From a practical perspective, it is crucial to strike a balance between model accuracy and computational efficiency. Working with large-scale datasets can be time- and resource-intensive. Consequently, future work may focus on developing lightweight and optimized models that are well-suited for real-time applications on mobile devices, embedded systems, or adaptive technologies such as smart cameras and personalized recommendation systems.
5. Conclusions
This paper explored the development of a convolutional neural network model (CNN) capable of simultaneously performing age prediction and gender classification based on facial images. Four different models were implemented and evaluated, each varying in network architecture, activation functions, optimization strategies, and data preprocessing techniques. The best performing model, the third model, achieved a gender classification accuracy exceeding 90% and a Mean Absolute Error (MAE) of less than 4 years for age prediction (see
Table 3), indicating that the training process was successful and the results are satisfactory.
The analysis demonstrated that the model’s performance is strongly influenced by the structure and quality of the training dataset. In particular, the model showed reduced accuracy when predicting the age of elderly individuals, likely due to their underrepresentation in the dataset. In contrast, the model performed well for predicting gender among adults and age for younger individuals, a trend confirmed by the MAE distributions across different age groups (
Figure 15 and
Figure 16). These observations are consistent with existing research, which highlights improved performance for well-represented demographic groups. A comparison between different preprocessing pipelines (e.g., third model vs. fourth model) revealed that even small changes in how the data are prepared can significantly impact model performance. Models trained on well-cropped and standardized images consistently outperformed others.
Another key element of the project was testing the model’s generalization capabilities using facial images outside the dataset (
Figure 23).

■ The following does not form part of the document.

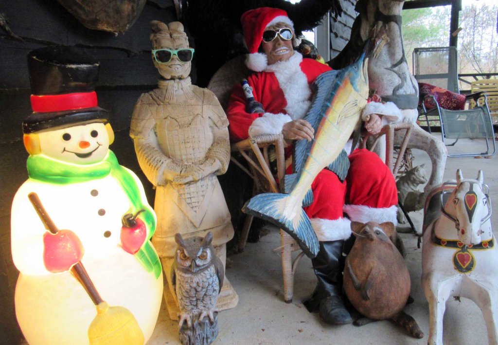 Still in a celebratory mood, I dressed Rufus, my fake man, in his Santa outfit and dragged out the vintage blow-mold snowmen. I’m all set for the holidays. Yippee!!!

Although such images differ in resolution, lighting, and composition, the model was able to correctly classify gender in all cases and provided reasonably accurate age estimates. These results indicate that the network possesses a certain level of robustness and could potentially be used in practical applications, such as personalized content recommendation systems that adapt to the user’s estimated age.
Our focus is on establishing a transparent, reproducible baseline rather than architectural novelty. Going forward, we will strengthen this foundation with statistical significance testing and uncertainty estimation, cross-dataset generalization, and lightweight multi-task or ordinal-age refinements: all under the same protocol to enable direct comparison. Although we do not include head-to-head re-implementations of recent methods in this paper, we plan to evaluate representative regression baselines and distilled teacher-student models using our released split and configurations to provide strict, like-for-like benchmarks. This strategy will allow our work to serve as a reliable reference point in the field, bridging the gap between standardized baselines and cutting-edge performance reports.